A custody battle in California over a child conceived through artificial insemination has become a controversial First Amendment debate. Jason Patric, a Hollywood actor, and his ex-girlfriend, Danielle Schreiber, are engaged in a custody fight over their four-year-old son, Gus. California law dictates that the mother of the child will receive full custody unless parental rights are established in writing before conception through artificial insemination.
As part of his campaign to obtain custody of Gus, Patric created the organization Stand Up for Gus to raise awareness of parental alienation for fathers in similar situations. Patric has used Gus’s name and likeness as part of the promotional campaign surrounding Stand Up for Gus. Schreiber subsequently sued Patric, allegedly that Patric is exploiting Gus for his own fame and using the media to garner support for his case. At stake in the lawsuit is an injunction that would bar Patric from even mentioning Gus’s name.
The outcome of the suit has the potential to set precedent not only for parental rights in cases of artificial insemination but also important First Amendment implications. As reproductive technology changes rapidly, the law has been slow to keep up with the corresponding custody issues. As this case highlights, the very right to speak about one’s child may be implicated in custody rights. This becomes more complicated when sperm donors are involved, since many would argue that they gave up their right to custody before conception even began.

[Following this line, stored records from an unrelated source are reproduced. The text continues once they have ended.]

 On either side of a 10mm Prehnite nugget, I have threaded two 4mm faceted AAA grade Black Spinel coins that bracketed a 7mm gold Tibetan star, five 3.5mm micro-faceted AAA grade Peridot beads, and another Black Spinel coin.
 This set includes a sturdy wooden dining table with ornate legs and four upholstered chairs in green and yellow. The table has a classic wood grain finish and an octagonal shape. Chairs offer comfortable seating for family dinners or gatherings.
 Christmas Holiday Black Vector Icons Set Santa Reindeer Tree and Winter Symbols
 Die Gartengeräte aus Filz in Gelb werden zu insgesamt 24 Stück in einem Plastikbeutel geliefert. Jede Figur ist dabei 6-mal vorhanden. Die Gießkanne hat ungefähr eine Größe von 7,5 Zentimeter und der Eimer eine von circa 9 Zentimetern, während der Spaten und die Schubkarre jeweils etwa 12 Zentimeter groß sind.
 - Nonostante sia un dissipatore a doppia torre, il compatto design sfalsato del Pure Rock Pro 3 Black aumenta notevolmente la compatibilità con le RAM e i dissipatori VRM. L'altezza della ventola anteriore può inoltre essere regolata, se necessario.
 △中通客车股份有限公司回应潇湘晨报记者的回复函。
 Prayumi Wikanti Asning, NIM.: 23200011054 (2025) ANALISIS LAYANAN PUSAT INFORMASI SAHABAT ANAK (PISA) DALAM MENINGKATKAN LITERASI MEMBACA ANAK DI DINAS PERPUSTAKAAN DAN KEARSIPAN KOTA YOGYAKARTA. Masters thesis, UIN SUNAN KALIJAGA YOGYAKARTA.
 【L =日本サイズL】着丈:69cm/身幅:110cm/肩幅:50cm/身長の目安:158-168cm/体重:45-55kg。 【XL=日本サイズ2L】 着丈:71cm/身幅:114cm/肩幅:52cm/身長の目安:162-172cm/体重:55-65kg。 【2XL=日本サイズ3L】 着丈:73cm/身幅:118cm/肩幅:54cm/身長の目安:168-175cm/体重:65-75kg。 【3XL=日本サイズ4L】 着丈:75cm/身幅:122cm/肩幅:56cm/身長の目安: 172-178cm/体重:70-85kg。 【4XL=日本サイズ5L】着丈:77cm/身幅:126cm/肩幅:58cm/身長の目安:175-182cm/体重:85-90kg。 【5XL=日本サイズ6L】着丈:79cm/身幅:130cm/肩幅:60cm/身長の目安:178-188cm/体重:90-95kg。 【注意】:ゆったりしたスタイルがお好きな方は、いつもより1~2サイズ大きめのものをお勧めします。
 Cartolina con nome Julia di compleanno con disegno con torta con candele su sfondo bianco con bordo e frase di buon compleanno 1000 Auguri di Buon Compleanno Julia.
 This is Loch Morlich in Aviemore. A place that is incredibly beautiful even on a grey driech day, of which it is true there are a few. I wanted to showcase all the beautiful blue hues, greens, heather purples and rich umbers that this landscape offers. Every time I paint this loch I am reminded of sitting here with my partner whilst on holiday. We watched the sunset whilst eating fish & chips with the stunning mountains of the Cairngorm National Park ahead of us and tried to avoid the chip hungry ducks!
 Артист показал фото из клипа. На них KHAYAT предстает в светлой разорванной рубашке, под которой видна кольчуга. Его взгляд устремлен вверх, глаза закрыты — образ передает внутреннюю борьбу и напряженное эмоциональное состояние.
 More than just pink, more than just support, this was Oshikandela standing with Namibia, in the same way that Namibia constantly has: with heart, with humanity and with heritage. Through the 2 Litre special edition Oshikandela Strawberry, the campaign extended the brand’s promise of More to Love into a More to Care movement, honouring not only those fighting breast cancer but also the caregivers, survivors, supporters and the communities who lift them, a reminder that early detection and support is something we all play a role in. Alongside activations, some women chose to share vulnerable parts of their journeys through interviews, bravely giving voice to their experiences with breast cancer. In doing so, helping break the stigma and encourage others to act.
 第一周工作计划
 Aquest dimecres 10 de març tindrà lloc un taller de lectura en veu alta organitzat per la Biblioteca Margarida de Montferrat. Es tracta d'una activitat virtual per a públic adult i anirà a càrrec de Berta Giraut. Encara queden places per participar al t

Perhaps the level of publicity involved in this case sets up a unique situation in which custody should be required to use a child’s image and name on such a large scale. However, limiting a father’s right to speak his child’s name seems to step too far across First Amendment boundaries. The custody suit itself seems to imply the need for Patric to articulate a relationship with Gus and to establish the necessary connection between himself and his son. No doubt issues involving custody and technology will continue to evolve into unanticipated legal questions such as those that have arisen with the Patric case.